■ **EXERCISE DIRECTIONS**: Please write out all of the entries without altering anything.

[Stored dataset items]
____________

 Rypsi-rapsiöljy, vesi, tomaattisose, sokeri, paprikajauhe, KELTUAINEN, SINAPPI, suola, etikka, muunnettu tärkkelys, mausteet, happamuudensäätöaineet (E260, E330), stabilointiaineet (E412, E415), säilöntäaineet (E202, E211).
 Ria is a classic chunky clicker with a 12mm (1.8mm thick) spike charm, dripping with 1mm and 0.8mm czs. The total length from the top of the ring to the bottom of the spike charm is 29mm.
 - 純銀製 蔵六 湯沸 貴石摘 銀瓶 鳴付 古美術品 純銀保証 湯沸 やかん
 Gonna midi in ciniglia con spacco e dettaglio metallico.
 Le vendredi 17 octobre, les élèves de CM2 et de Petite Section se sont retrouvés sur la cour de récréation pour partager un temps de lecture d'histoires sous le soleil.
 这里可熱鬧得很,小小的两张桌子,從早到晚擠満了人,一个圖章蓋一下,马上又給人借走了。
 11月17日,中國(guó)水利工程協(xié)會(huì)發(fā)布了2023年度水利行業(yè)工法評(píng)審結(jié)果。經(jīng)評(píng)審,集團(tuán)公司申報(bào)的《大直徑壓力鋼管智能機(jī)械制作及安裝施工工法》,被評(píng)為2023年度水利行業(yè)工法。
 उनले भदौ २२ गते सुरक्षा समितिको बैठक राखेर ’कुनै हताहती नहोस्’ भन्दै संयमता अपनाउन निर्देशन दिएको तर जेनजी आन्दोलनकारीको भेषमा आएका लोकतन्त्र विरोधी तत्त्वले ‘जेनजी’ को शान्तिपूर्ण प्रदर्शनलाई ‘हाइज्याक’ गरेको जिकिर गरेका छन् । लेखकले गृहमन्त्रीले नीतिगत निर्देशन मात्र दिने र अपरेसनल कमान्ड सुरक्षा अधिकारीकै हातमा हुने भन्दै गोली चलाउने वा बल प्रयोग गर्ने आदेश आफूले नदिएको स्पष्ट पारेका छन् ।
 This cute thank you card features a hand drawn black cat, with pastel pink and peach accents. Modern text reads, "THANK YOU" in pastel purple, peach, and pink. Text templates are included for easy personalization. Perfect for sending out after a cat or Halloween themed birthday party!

____________

■ **SOLUTION**:
 Rypsi-rapsiöljy, vesi, tomaattisose, sokeri, paprikajauhe, KELTUAINEN, SINAPPI, suola, etikka, muunnettu tärkkelys, mausteet, happamuudensäätöaineet (E260, E330), stabilointiaineet (E412, E415), säilöntäaineet (E202, E211).
 Ria is a classic chunky clicker with a 12mm (1.8mm thick) spike charm, dripping with 1mm and 0.8mm czs. The total length from the top of the ring to the bottom of the spike charm is 29mm.
 - 純銀製 蔵六 湯沸 貴石摘 銀瓶 鳴付 古美術品 純銀保証 湯沸 やかん
 Gonna midi in ciniglia con spacco e dettaglio metallico.
 Le vendredi 17 octobre, les élèves de CM2 et de Petite Section se sont retrouvés sur la cour de récréation pour partager un temps de lecture d'histoires sous le soleil.
 这里可熱鬧得很,小小的两张桌子,從早到晚擠満了人,一个圖章蓋一下,马上又給人借走了。
 11月17日,中國(guó)水利工程協(xié)會(huì)發(fā)布了2023年度水利行業(yè)工法評(píng)審結(jié)果。經(jīng)評(píng)審,集團(tuán)公司申報(bào)的《大直徑壓力鋼管智能機(jī)械制作及安裝施工工法》,被評(píng)為2023年度水利行業(yè)工法。
 उनले भदौ २२ गते सुरक्षा समितिको बैठक राखेर ’कुनै हताहती नहोस्’ भन्दै संयमता अपनाउन निर्देशन दिएको तर जेनजी आन्दोलनकारीको भेषमा आएका लोकतन्त्र विरोधी तत्त्वले ‘जेनजी’ को शान्तिपूर्ण प्रदर्शनलाई ‘हाइज्याक’ गरेको जिकिर गरेका छन् । लेखकले गृहमन्त्रीले नीतिगत निर्देशन मात्र दिने र अपरेसनल कमान्ड सुरक्षा अधिकारीकै हातमा हुने भन्दै गोली चलाउने वा बल प्रयोग गर्ने आदेश आफूले नदिएको स्पष्ट पारेका छन् ।
 This cute thank you card features a hand drawn black cat, with pastel pink and peach accents. Modern text reads, "THANK YOU" in pastel purple, peach, and pink. Text templates are included for easy personalization. Perfect for sending out after a cat or Halloween themed birthday party!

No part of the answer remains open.